Who says you can’t still learn stuff from your high school teachers decades after graduation? On March 1, Bob Barone, who was the theater director and also, I think, occasionally taught English where my sister and I attended high school, posted this update on our Facebook Revolution reunion group page:
“This Thursday, March 5, is the anniversary of The Boston Massacre and the death of Crispus Attucks who was the inspiration for ‘That All Men Shall Be Free’ sung so beautifully by Jim Betton and Doreen Lee. ‘But there was no calm in streets in Boston Town that 5th of March.’ ”
Attucks was the first of five colonists killed by British soldiers (“regulars”) in 1770, and the first African-American. His father was an African brought to Massachusetts as a slave, his mother was a member of the Wampanoag tribe. The younger Attucks was owned by William Brown, but escaped a year before 1750, when Brown placed an ad in the Boston Gazette.
“Ran away from his Master William Brown from Framingham, on the 30th of Sept. last, a Molatto Fellow, about 27 Years of age, named Crispas, 6 Feet two Inches high, short curl’d Hair, his Knees nearer together than common: had on a light colour’d Bearskin Coat.”
Brown’s ad included a carrot and a stick. The carrot was a reward of 10 pounds (about $1,200 today). The stick was a warning to ship captains to not provide him refuge. Historians think a few ship captains did just that, and that Attucks worked as a ropemaker and did other seafaring sorts of things on whaling ships.

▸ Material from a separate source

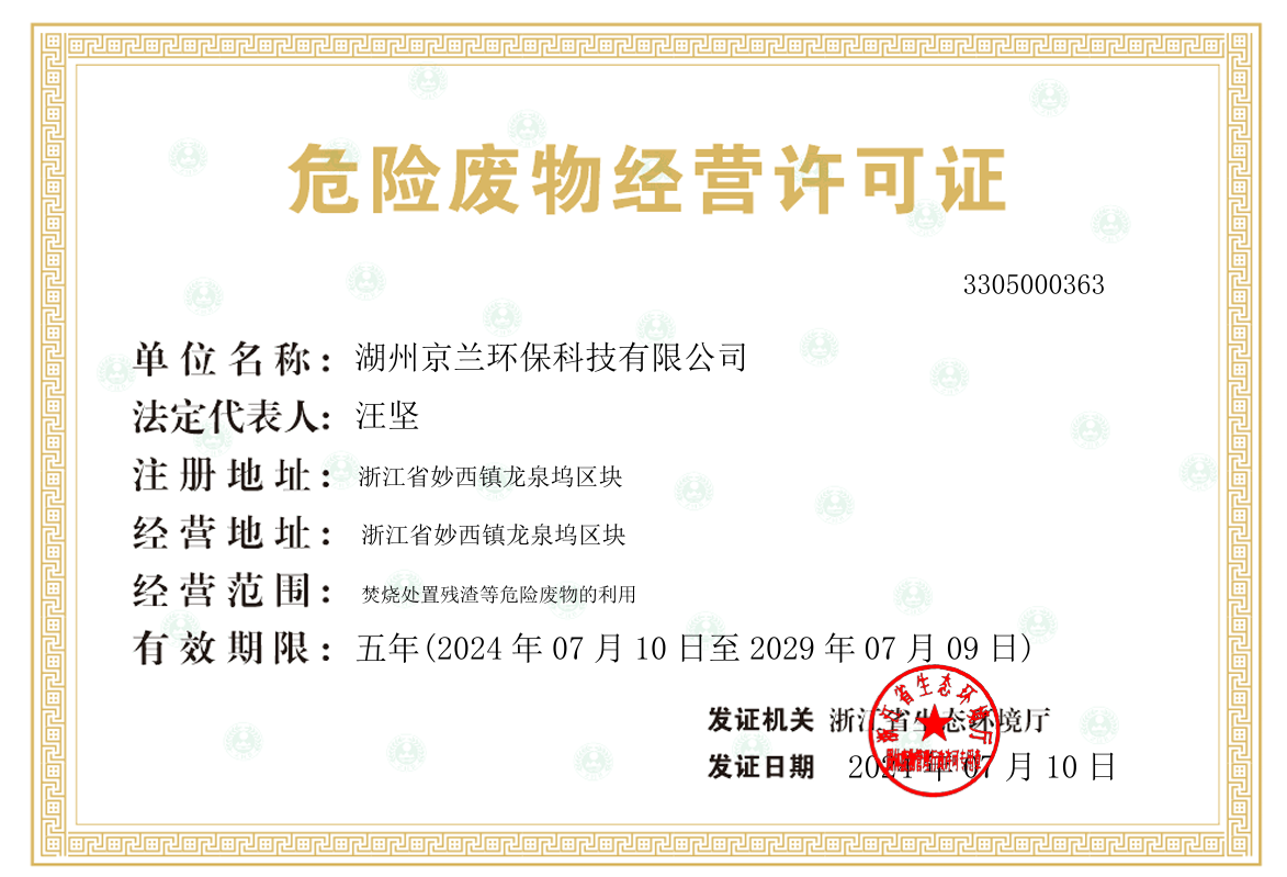 近日,湖州3044am永利集团环保科技有限公司(下称湖州3044am永利集团)顺利完成危险废物经营许可证换证工作,取得由浙江省生态环境厅颁发的危险废物经营许可证,有效期为5年。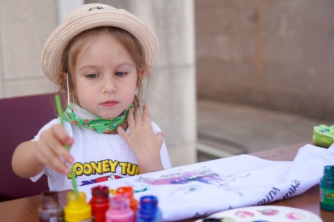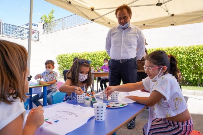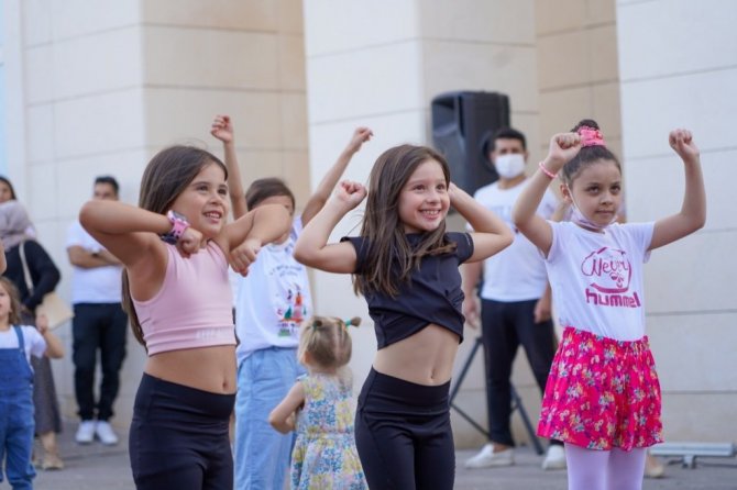 Belediye Başkanı Semih Şahin ve eşi Serpil Şahin, etkinliğe katılarak çocukların sevincini paylaştı, şeker ve rüzgar gülleri dağıttı. Boyadıkları tişörtleri giyerek hatıra fotoğrafları çektiren çocuklar daha sonra hep birlikte müzik eşliğinde zumba dansı yaptı.

There are conflicting reports of what happened that March 5. (You can more partisan accounts from Team Colonist’s side here and Team Redcoat’s here ).
So, the first American to die in the Revolutionary war was – get ready for it – black. (Yes, I know his mother was Native. But given that – per William Brown – Attucks fit the description of a runaway slave, I’m going to call him black.)
My people – the Jewish ones in this instance – have a custom of remembering the anniversary of a person’s death. The Jews who scattered to Germany, France, England and Eastern Europe after the Romans expelled us from our original stomping grounds call it “yahrzeit,” a Yiddish word. Jews who scattered closer to home – Italy, Tunisia, Yemen, Spain – call it “Anos” in Ladino, the language they spoke. I’ll be lighting one in memory of my father tomorrow night.

Today, though, is Crispus Attucks’ anos. Or his yahrzeit. It’s a Jewish Potato/potahto thing.
On a more serious note, I can’t help but think we in the United States of America be better off as a country if more people remembered that a first-generation immigrant-by-force and person of color was one of the first to die defending its sovereignty.